Writing a literature review involves locating as much literature as possible related to one's dissertation or research paper topic, choosing the most relevant research and discussion, and writing a stand-alone paper or section of a larger paper which discusses the current state of thinking and research in the field. Writing a literature review can be broken down into the following steps.

Define the topic. Before researching and writing a literature review, the student must frame his or her specific topic. The topic serves as a lens for viewing the body of literature in the field. It is advisable to frame the topic as a question, or a hypothesis statement that can be tested through research. The topic should be specific enough to make the research process manageable, yet general enough to be of wide interest in the field.

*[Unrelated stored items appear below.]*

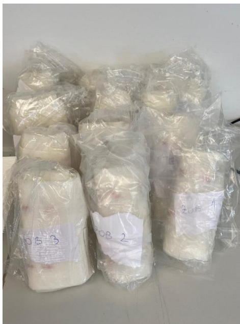
Slika 3. Sjemenke žitarica zamotane u filter papir i stavljene u PVC vrećice

Nakon postavljanja sjemenki, filter papir je zamotan te stavljen u PVC vrećicu, a u svaku vrećicu je stavljen papirić s oznakom žitarice i određenog ponavljanja (Slika 3.). Nakon toga klijanci su stavljeni u klima komoru na određenu temperaturu (Slika 4.).
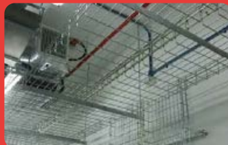
Bandeja Porta Cable
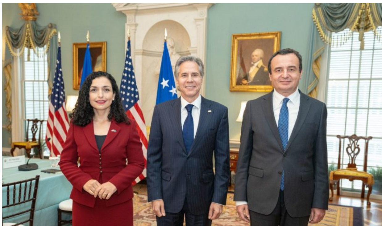
Prezidentka Kosova Vjosa Osmani, ministr zamini USA Antony Blinken a kosovský premiér Albin Kurti na schůzce 27. července 2022. Pouhé 4 dny před vypuknutím krize na severu Kosova

V posledních minutách 31. července 2022 Kurtiho vláda překvapivě oznámila [4], že “odloží” implementaci své dokumentové politiky proti Srbům na Kosovu o 1 měsíc na 1. září 2022 , a to po žádosti amerického velvyslance v Prištině Jeffreyho Hoveniera. Situace s výbušnou eskalací možné války tak není zažehnána, je pouze o měsíc odložena. Američané v čele s Blinkenem v roli šéfa diplomacie se snaží o zažehnutí již druhé války v Evropě, což by Evropu destabilizovalo ještě více. A když k tomu připočtete americkou provokaci na Taiwanu, tak zjistíte, že dementní stařík v Bílém domě, kterého teď odklidili s diagnózou covidu do ústraní, byl možná odklizen úmyslně, aby nikomu nepřekážel v rozpoutání dalších dvou válek, jedné na Balkánu a druhé na Taiwanu.
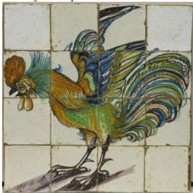
Boijmans Van Beuningen, inv.nr. A 3376

een uniek zeventiende-eeuws tableau van een vechtende haan, in de collectie van Museum Boijmans Van Beuningen! Het gaat om een werk van de Goudse plateelbakkerij van Willem Jansz. Verswaen, te dateren rond 1625, het was een al vaker gepubliceerd tableau in de periode dat Swiebertje ontworpen werd.

Search the literature. The student can now search the literature to locate research and discussions that have considered similar topics to the student's own. The student writing a dissertation on Shakespeare's comedies, for instance, might search the literature for other research papers dealing with Shakespeare's comedies, as well as with his tragedies and his plays in general prior to writing a literature review. The student will choose those examples of the literature which relate most closely with his or her topic and which contain thought-provoking discussions of the topic.

Review the literature. The student will now carefully read the literature he or she has gathered, making further choices about which examples bear most closely on the topic at hand. What statements are made by other researchers that the student will want to highlight in his or her own literature review? What conclusions are drawn from the research, and what research still needs to be undertaken?

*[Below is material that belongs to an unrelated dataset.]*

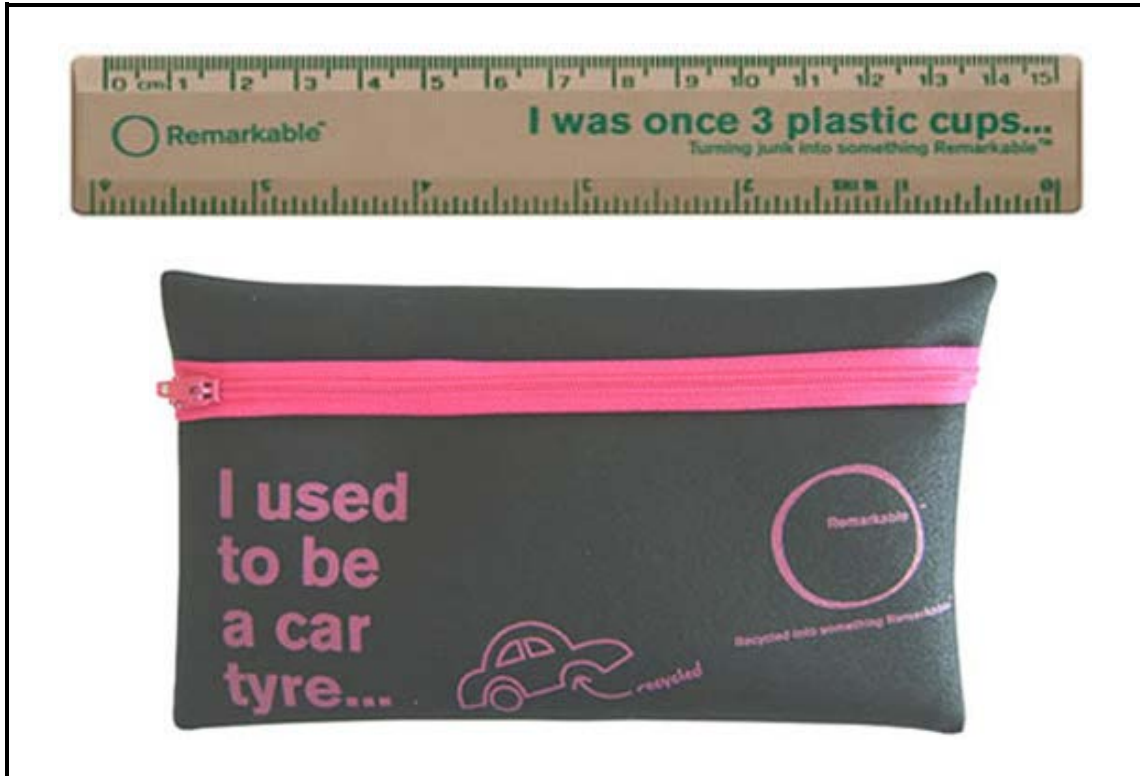
FIGUUR A: Ollymolly -produkte gemaak van herwinde materiale deur Remarkable (Suid-Afrika), 2011.

Writing a literature review. Actually writing a literature review involves relating the prevailing statements made by leading scholars in the field, and briefly describing the research that supports these statements. In writing a literature review, the student should remember to view the literature through the focused lens of his or her own hypothesis or topic question. How does the literature answer the question the student has asked? What further answers are necessary? How has the literature failed to address the topic, and how will the student correct this gap in the research? Writing a literature review involves answering theses questions to lay the groundwork for the importance of the student's own research.